Open damian0815 opened 11 months ago
Hey, @damian0815. Thanks for the Сompel. It's a very useful library.
I noticed that now long prompts are handled differently than in AUTOMATIC111111's webUI. Like you said, they break tokens into chunks, disregarding the separating punctuation (",", ".", ":").
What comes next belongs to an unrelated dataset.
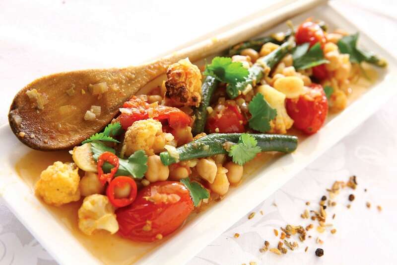 7. מוסיפים את פרחי הכרובית, העגבניות הצלויות והשעועית החלוטה, מבשלים יחד במשך כ־5 דקות.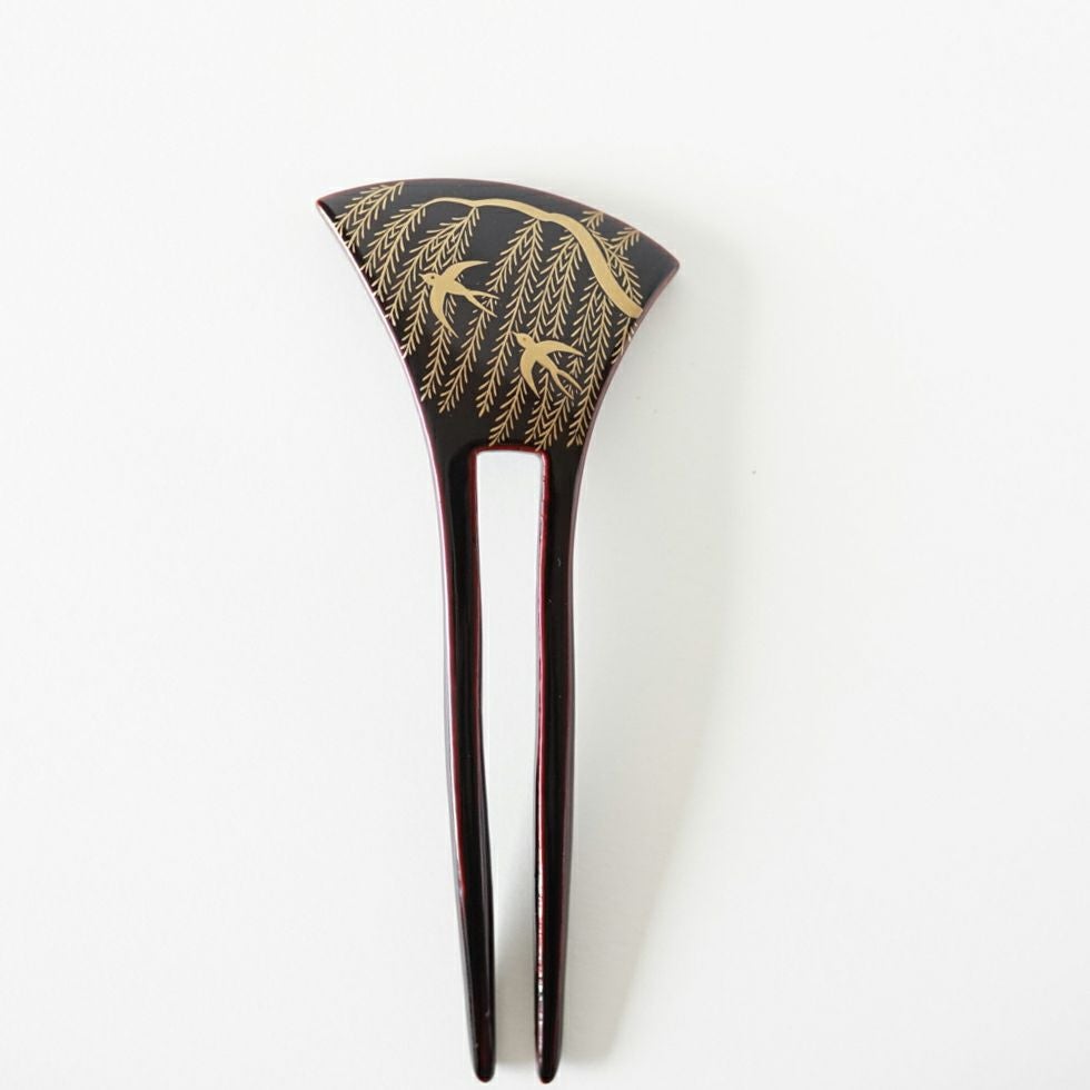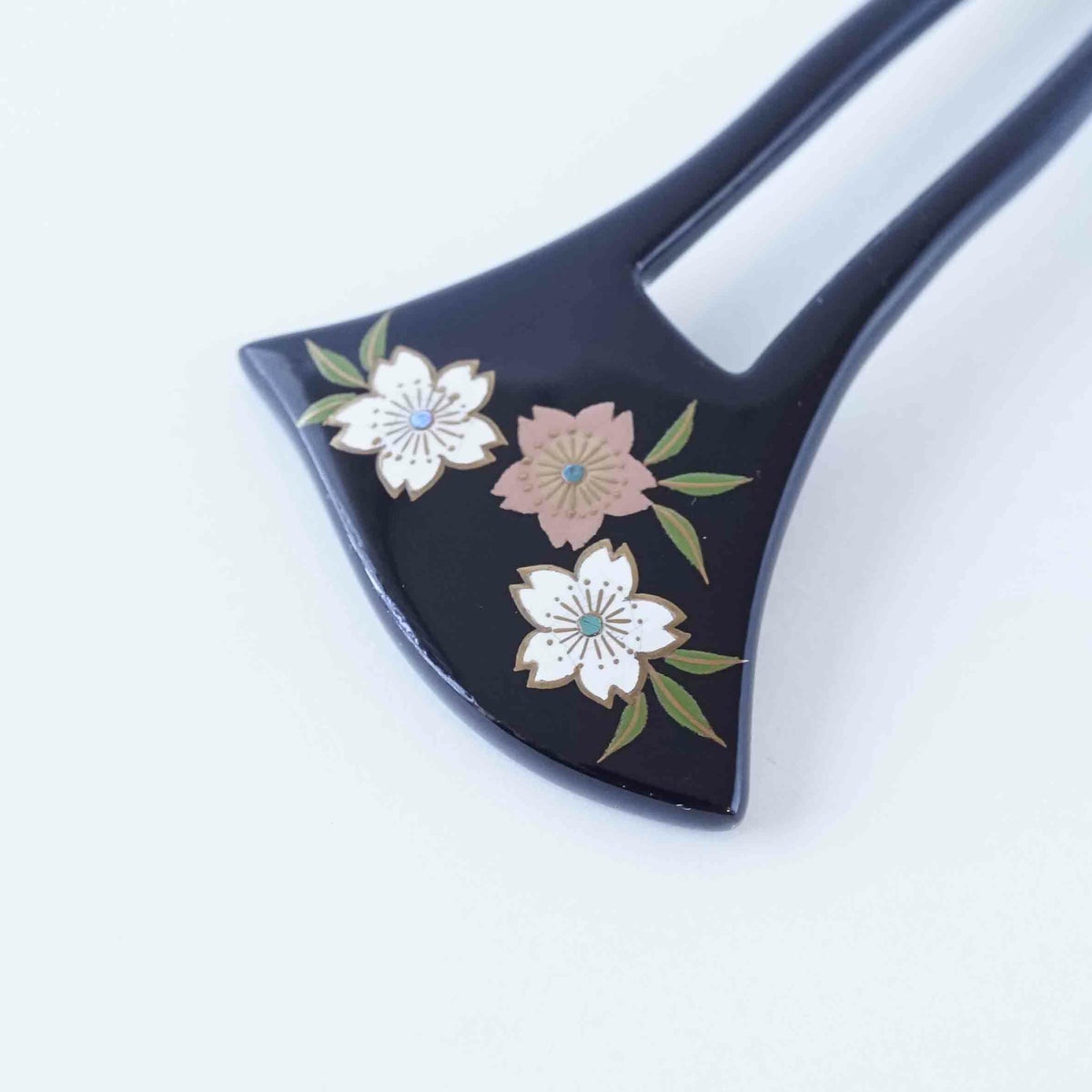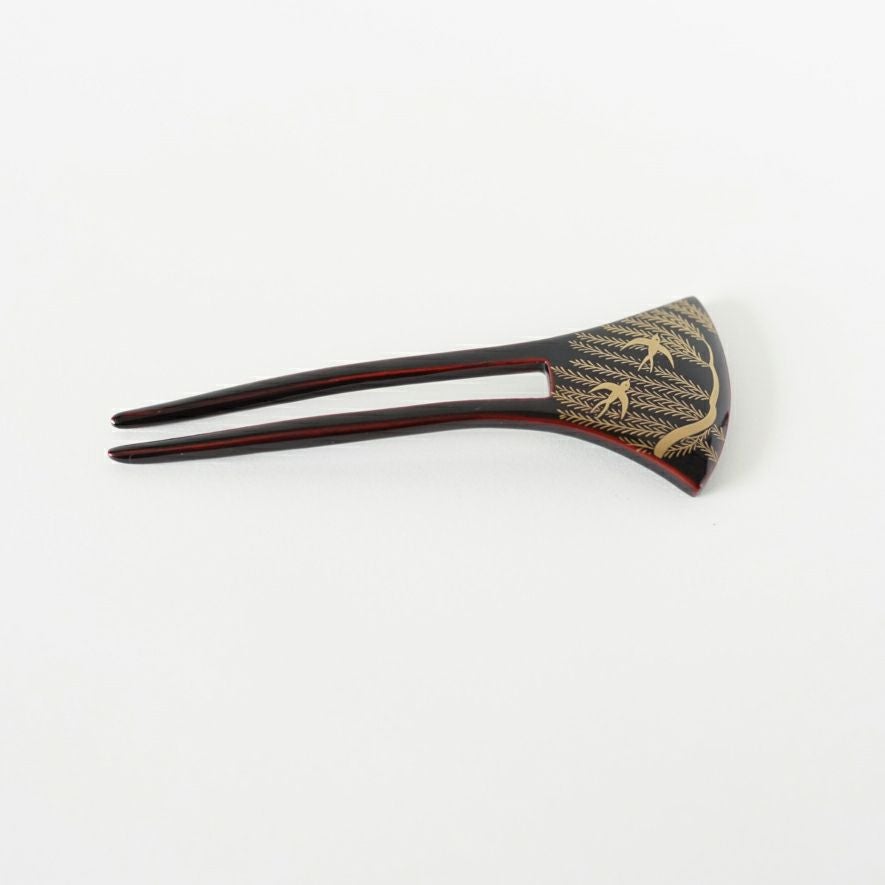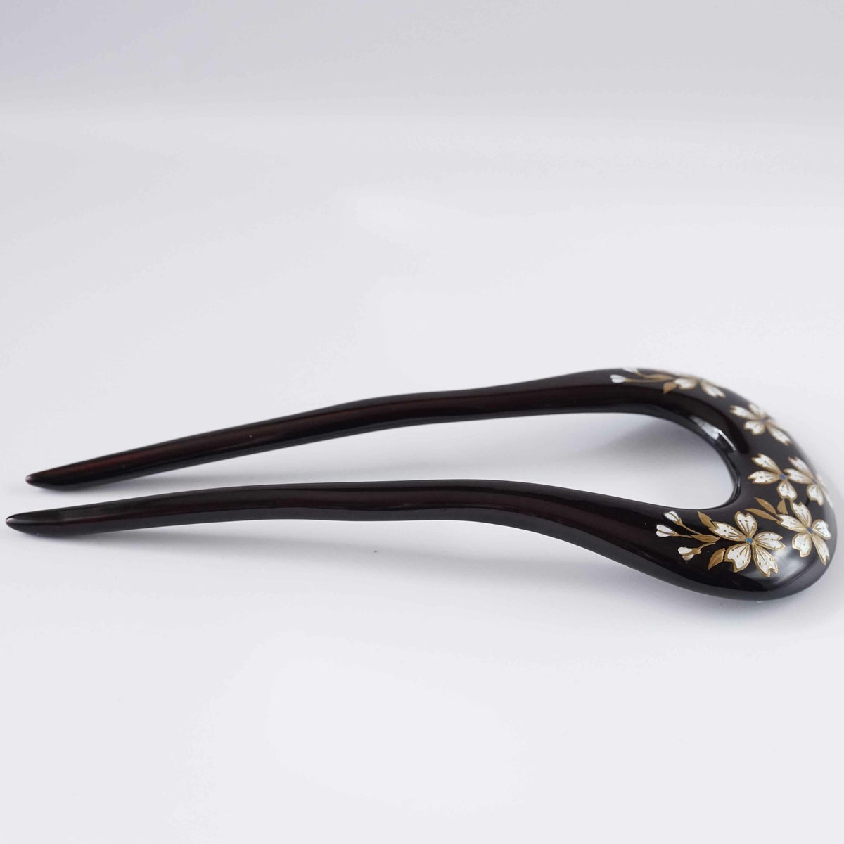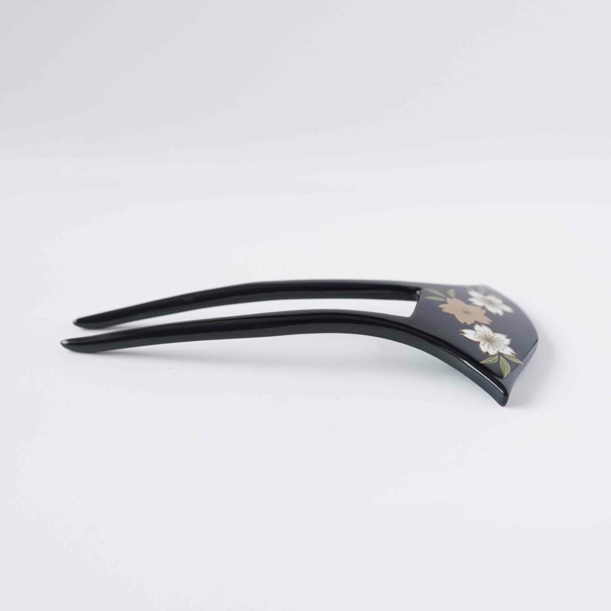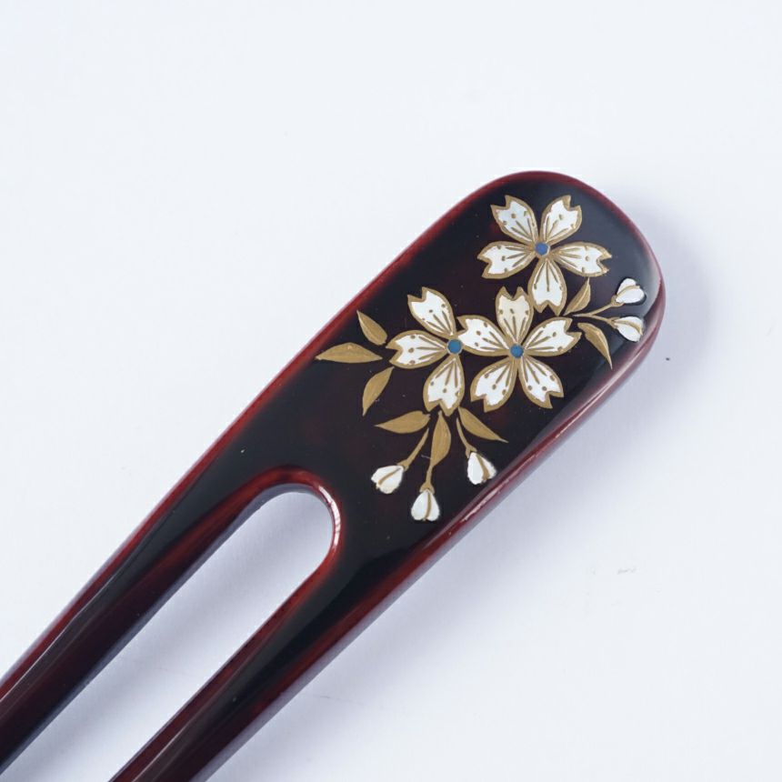 本漆純金蒔絵螺鈿かんざし 波型ピン(小) 三輪桜

I've written a function that should bring the generation results closer to those obtained in the webUI from AUTOMATIC1111.
For starters:
import torch
from compel import Compel
from diffusers import StableDiffusionPipeline, DDIMScheduler
pipeline = StableDiffusionPipeline.from_single_file(
"https://huggingface.co/runwayml/stable-diffusion-v1-5/blob/main/v1-5-pruned-emaonly.safetensors",
torch_dtype=torch.float16,
)
pipeline.scheduler = DDIMScheduler.from_config(pipeline.scheduler.config)
pipeline.to("cuda")
compel = Compel(tokenizer=pipeline.tokenizer, text_encoder=pipeline.text_encoder)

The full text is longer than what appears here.